Posted by: sansho1 at August 13, 2009 11:15 AM

*Wikis Godwin's Law ... reads ...*

HAHAHAHAHAHAHAHAHAHAHAHAHAHAHAHA

Good one, branded.

Also: 'preciate it, becks and sansho1.

Posted by: , (the commenter formerly known as bucdaddy) at August 13, 2009 11:19 AM

Oh man I am excited for this. Redbelt ruled.

When was the last time Hollywood got a consistently good writer/director to adapt a piece of classic literature?

Mamet also directed Beckett, so I think he'll adapt his style successfully.

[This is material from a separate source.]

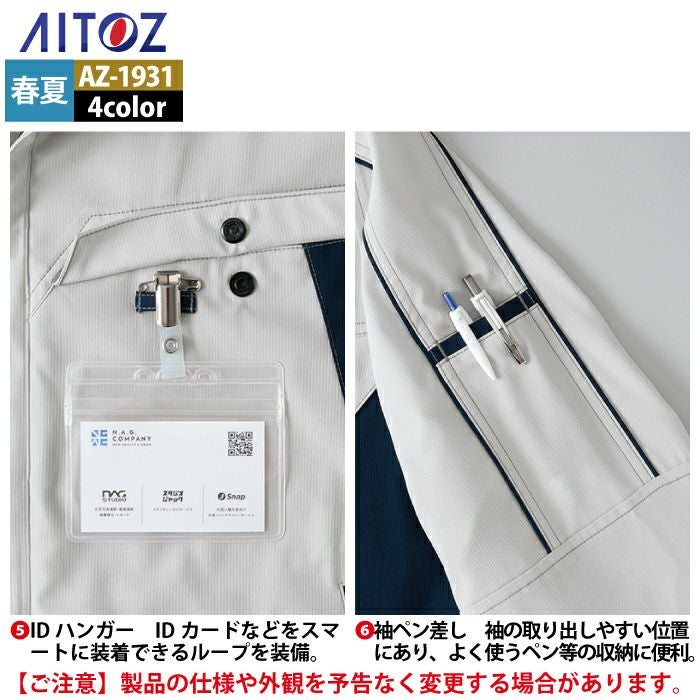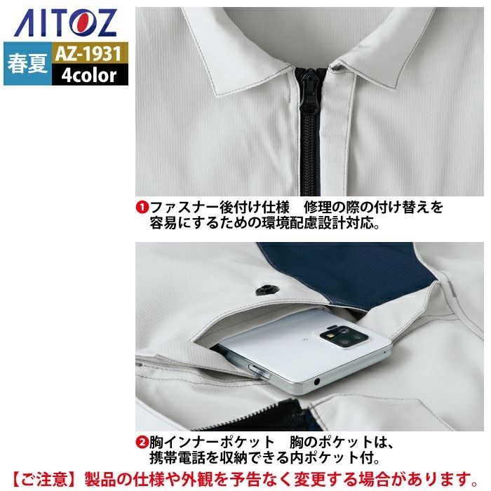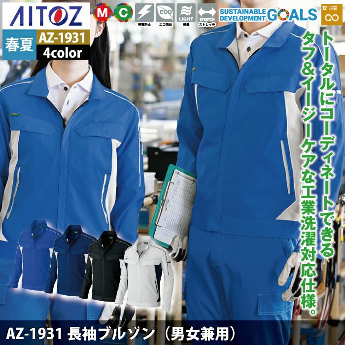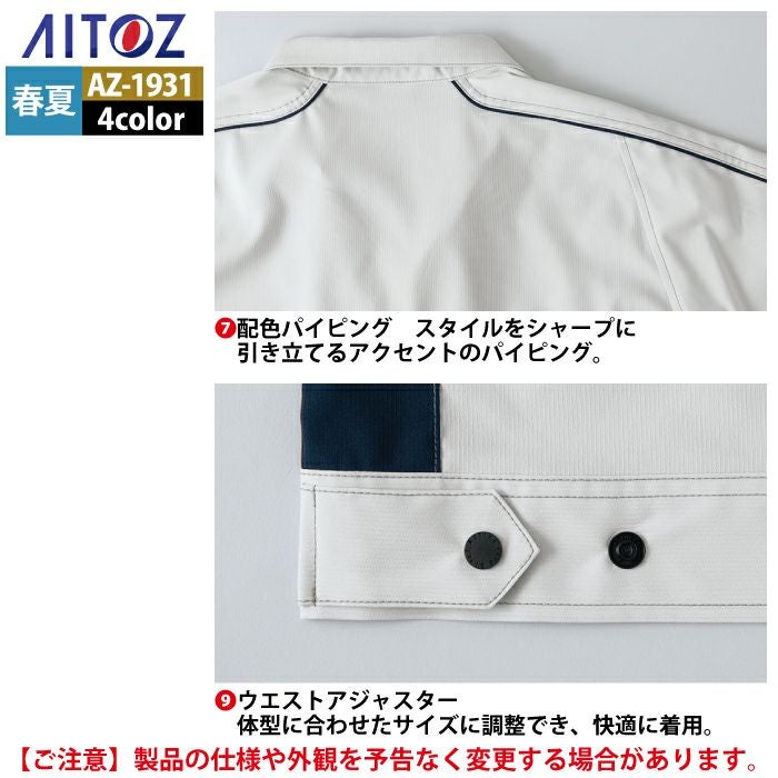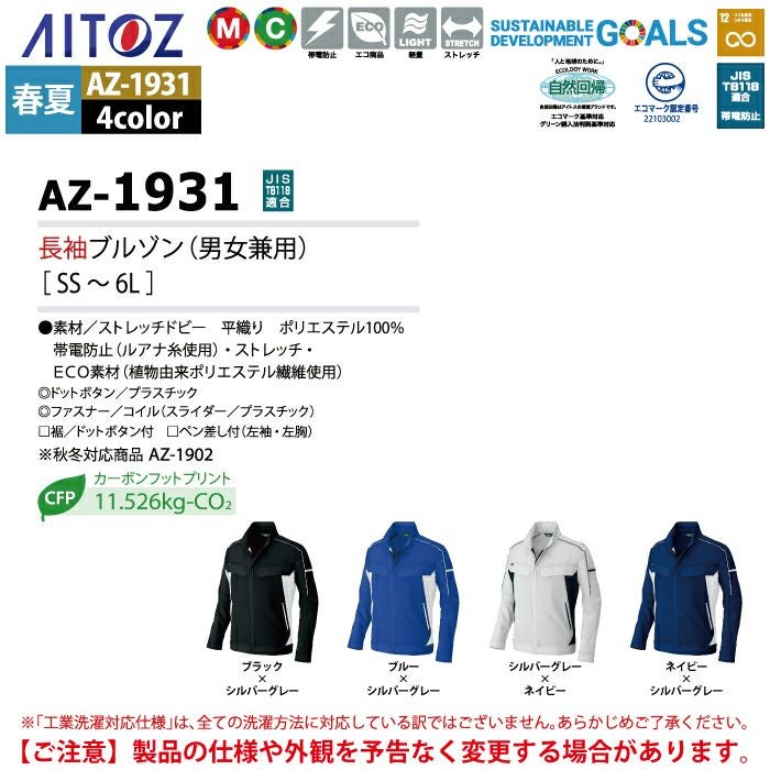作業服 作業着 アイトス Aitoz 作業服 AZ-1931 長袖ブルゾン SS-LL 春夏用

Posted by: Chris P. at August 13, 2009 11:33 AM

I just hope they don't cast Dakota freaking Fanning as Anne - but they probably will.

Posted by: the essence of fanciness and class at August 13, 2009 1:54 PM

This could work, Mamet's The Spanish Prisoner worked and there were no profanities, but don't expect any Asians to help save Anne Frank.

Posted by: Corey W. at August 13, 2009 2:40 PM

Two thoughts about this:

1) I'm sort of sick of Holocaust movies, but only because the more times you put it on film, the more it seems like the whole thing is just some distant, made-up story straight out of Hollywood. Just keep showing real footage (it's not like none exists). I HIGHLY recommend the Shoah Foundation's Oscar-winning documentary The Last Days. When I showed it to my 10th graders, the real footage was so unbelievable to them, one actually said, "That's just special effects, right?" When people die in horrible manners on the big screen all the time, people being murdered in a mass genocide doesn't seem so horrific. We need to do all we can to NOT Hollywood-ize it.

2) If they do make it, Natalie Portman is too old now to play Anne Frank. Are there any other young Jewish girls in Hollywood who could pull it off?